__Task to complete__
Each line below should be retyped exactly, with no pictures.

__Exercise input__
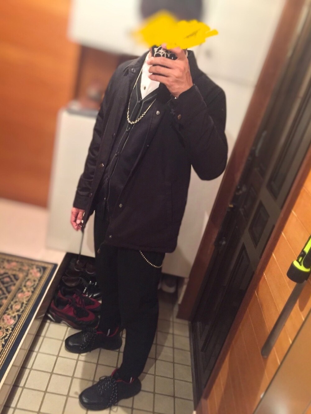 こんばんは、今回はキレイめストリートです。 黒のコーチジャケットの下に、最近お気に入りのSOPHNET.のカーディガンを合わせ、その下に白スタンドカラーシャツを入れて、スタイリッシュにしました。 そこに黒スラックスとウォレットチェーン、足元はGUのダッドスニーカーです。 最後に、足元にCHICKSTOCKSのストライプソックスを入れ、黒だらけの中に白でアクセントをつけました。 最後まで見てくださりありがとうございます。また投稿します!
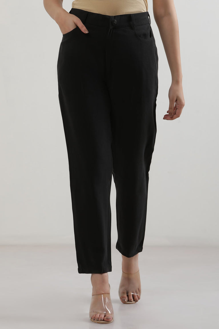 Black Solid Straight Fit Rayon Pants With Button Closure
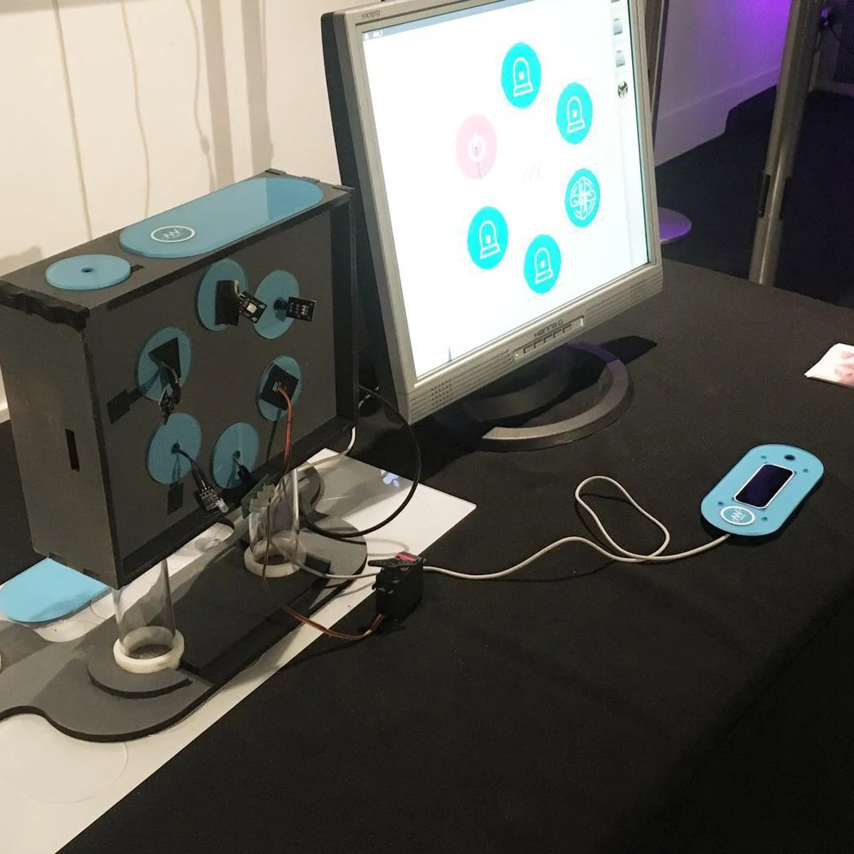 The product design of AirWire had to bring together two kinds of aesthetics: a fun, playful one that people find accessible and likeable, and also a scientific, instrument like aesthetic which makes it feel like a technical apparatus.
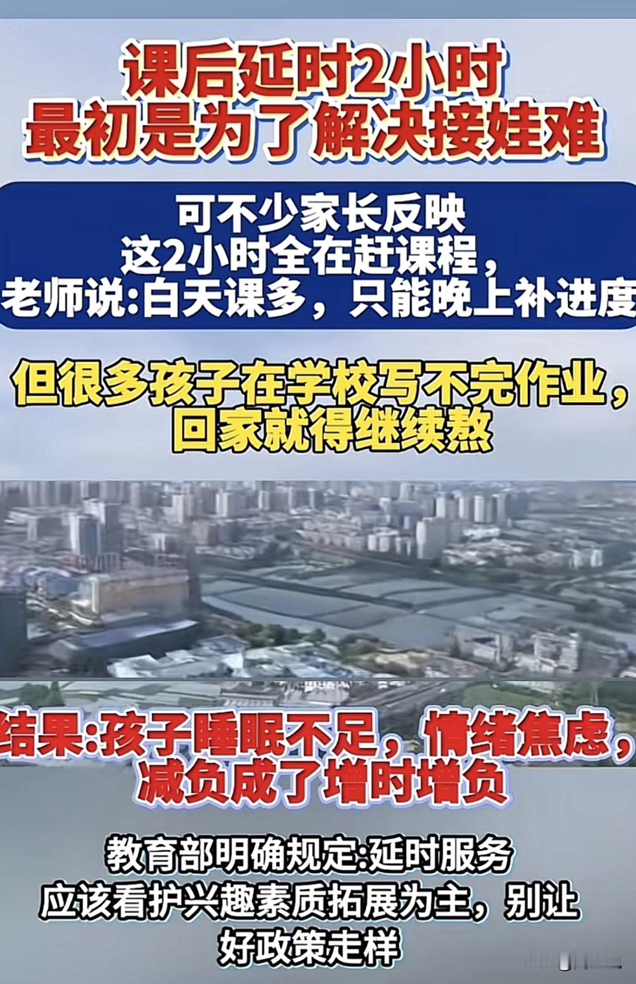 #媒体:莫让课后服务“增时又增负”#课后延时2小时,最初是为了解決接娃难,可不少
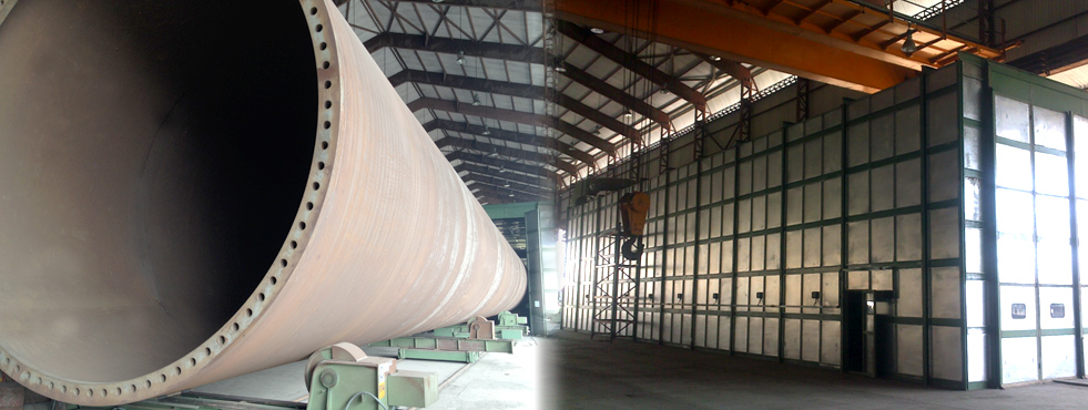 Our Shot Blasting Facilities & Painting Booth are capable of handling components with over all dimension of 5m X 5m X 30m having maximum weight of 75 tonnes. The paint facility provides controlled environment and ideal conditions to achieve the best quality of corrosion protection.
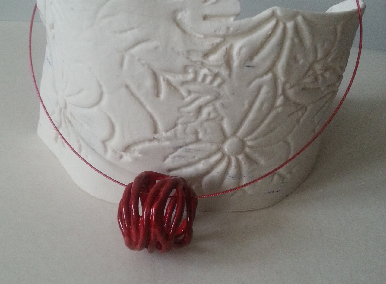 opengewerkte hanger van rood geglazuurd porselein aan rode spang
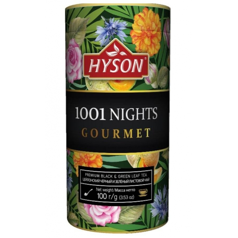 Чай Hyson Gourmet 1001 ночь черный и зеленый, 100г Чай цейлонский премиальный крупнолистовой, уникальная смесь черного чая с зеленым чаем с ароматами и растительными компонентами в жестяной тубе. Этот чай имеет нежный насыщенный цветочный аромат и выразительный бархатный вкус. Состав: 100% цейлонский черный и зеленый чай, лепестки Розы, цветки Василька и Календулы, с добавлением ароматизатора Дыни и Карамели. Способ приготовления: В сухой разогретый чайник насыпать чай из расчета 2 чайные ложки на 200 мл воды, залить чайник горячей водой 76-85 градусов Цельсия и дать настояться 2-3 минуты. Вес: 100 г. Тип упаковки: Жестяная банка. Условия хранения: Хранить в прохладном месте без сильных посторонних запахов, при температуре не выше 20 °C и относительной влажности не более 70%. Срок годности: 36 месяцев. Страна производства: Шри-Ланка.
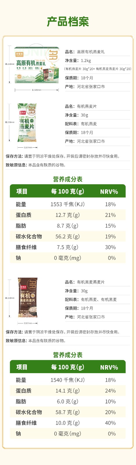 商品名称:(康恩)好麦多0添加蔗糖早餐即食高原有机燕麦礼盒1200g
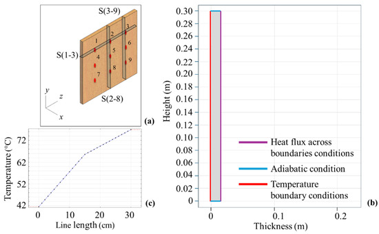 - Identification of thermal inhomogeneities effects and positioning of the sensors for the heat flux evaluation: The effects of thermal non-uniformities must be assessed in relation to the deviation of the heat flux from one-dimensional conditions. This condition can affect the results, and the magnitude of the possible heat flux distortions can be analyzed by creating a bidimensional simulation model. Here, Comsol Multiphysics was used, and different 2D models of the sample were created, considering the back surface temperature sensors, due to the experimented thermal inhomogeneities. The thermal image obtained through the infrared camera was processed to evaluate the temperature distribution on the sample, thus identifying the hottest part and the zones characterized by reduced thermal inhomogeneity. The experimental investigation revealed specific areas of the wooden sample with higher temperatures than others. Consequently, the sections shown in Figure 4a were modeled, where S(1–3) identifies the section associated with the sensors 1, 2 and 3, S(2–8) identifies the section associated with the sensors 2, 5 and 8, and finally, S(3–9) identifies the section associated with the sensors 3, 6 and 9. Figure 4b shows the thermal boundary conditions set in the models in terms of the heat flux, temperatures and adiabatic conditions. The temperature differences among the 9 points and their spatial distribution allowed us to calculate a temperature difference per centimeter (∆T/cm), which was used for calculating the temperature distributions along the Y and Z axes (see Figure 4c). A thermal conductivity of the poplar wood equal to 0.12 W/mK was preliminarily assigned, then adjusted to 0.09 W/mK [38]. A heat flux across boundaries condition was set for the free surface of the sample, with a preliminary total heat transfer coefficient of 7.69 W/m2K, then changed to 9.67 W/m2K. It is worth observing that these changes were performed within an initial iterative process based on the experimental data. Once the model was completed, the consistency of the analysis was associated with the ratio between the horizontal heat flux component (x component) and the other ones (y and z components). The requirement applied in this study was that these ratios must be less than 5% [39].

__Result for this task__
 こんばんは、今回はキレイめストリートです。 黒のコーチジャケットの下に、最近お気に入りのSOPHNET.のカーディガンを合わせ、その下に白スタンドカラーシャツを入れて、スタイリッシュにしました。 そこに黒スラックスとウォレットチェーン、足元はGUのダッドスニーカーです。 最後に、足元にCHICKSTOCKSのストライプソックスを入れ、黒だらけの中に白でアクセントをつけました。 最後まで見てくださりありがとうございます。また投稿します!
 Black Solid Straight Fit Rayon Pants With Button Closure
 The product design of AirWire had to bring together two kinds of aesthetics: a fun, playful one that people find accessible and likeable, and also a scientific, instrument like aesthetic which makes it feel like a technical apparatus.
 #媒体:莫让课后服务“增时又增负”#课后延时2小时,最初是为了解決接娃难,可不少
 Our Shot Blasting Facilities & Painting Booth are capable of handling components with over all dimension of 5m X 5m X 30m having maximum weight of 75 tonnes. The paint facility provides controlled environment and ideal conditions to achieve the best quality of corrosion protection.
 opengewerkte hanger van rood geglazuurd porselein aan rode spang
 Чай Hyson Gourmet 1001 ночь черный и зеленый, 100г Чай цейлонский премиальный крупнолистовой, уникальная смесь черного чая с зеленым чаем с ароматами и растительными компонентами в жестяной тубе. Этот чай имеет нежный насыщенный цветочный аромат и выразительный бархатный вкус. Состав: 100% цейлонский черный и зеленый чай, лепестки Розы, цветки Василька и Календулы, с добавлением ароматизатора Дыни и Карамели. Способ приготовления: В сухой разогретый чайник насыпать чай из расчета 2 чайные ложки на 200 мл воды, залить чайник горячей водой 76-85 градусов Цельсия и дать настояться 2-3 минуты. Вес: 100 г. Тип упаковки: Жестяная банка. Условия хранения: Хранить в прохладном месте без сильных посторонних запахов, при температуре не выше 20 °C и относительной влажности не более 70%. Срок годности: 36 месяцев. Страна производства: Шри-Ланка.
 商品名称:(康恩)好麦多0添加蔗糖早餐即食高原有机燕麦礼盒1200g
 - Identification of thermal inhomogeneities effects and positioning of the sensors for the heat flux evaluation: The effects of thermal non-uniformities must be assessed in relation to the deviation of the heat flux from one-dimensional conditions. This condition can affect the results, and the magnitude of the possible heat flux distortions can be analyzed by creating a bidimensional simulation model. Here, Comsol Multiphysics was used, and different 2D models of the sample were created, considering the back surface temperature sensors, due to the experimented thermal inhomogeneities. The thermal image obtained through the infrared camera was processed to evaluate the temperature distribution on the sample, thus identifying the hottest part and the zones characterized by reduced thermal inhomogeneity. The experimental investigation revealed specific areas of the wooden sample with higher temperatures than others. Consequently, the sections shown in Figure 4a were modeled, where S(1–3) identifies the section associated with the sensors 1, 2 and 3, S(2–8) identifies the section associated with the sensors 2, 5 and 8, and finally, S(3–9) identifies the section associated with the sensors 3, 6 and 9. Figure 4b shows the thermal boundary conditions set in the models in terms of the heat flux, temperatures and adiabatic conditions. The temperature differences among the 9 points and their spatial distribution allowed us to calculate a temperature difference per centimeter (∆T/cm), which was used for calculating the temperature distributions along the Y and Z axes (see Figure 4c). A thermal conductivity of the poplar wood equal to 0.12 W/mK was preliminarily assigned, then adjusted to 0.09 W/mK [38]. A heat flux across boundaries condition was set for the free surface of the sample, with a preliminary total heat transfer coefficient of 7.69 W/m2K, then changed to 9.67 W/m2K. It is worth observing that these changes were performed within an initial iterative process based on the experimental data. Once the model was completed, the consistency of the analysis was associated with the ratio between the horizontal heat flux component (x component) and the other ones (y and z components). The requirement applied in this study was that these ratios must be less than 5% [39].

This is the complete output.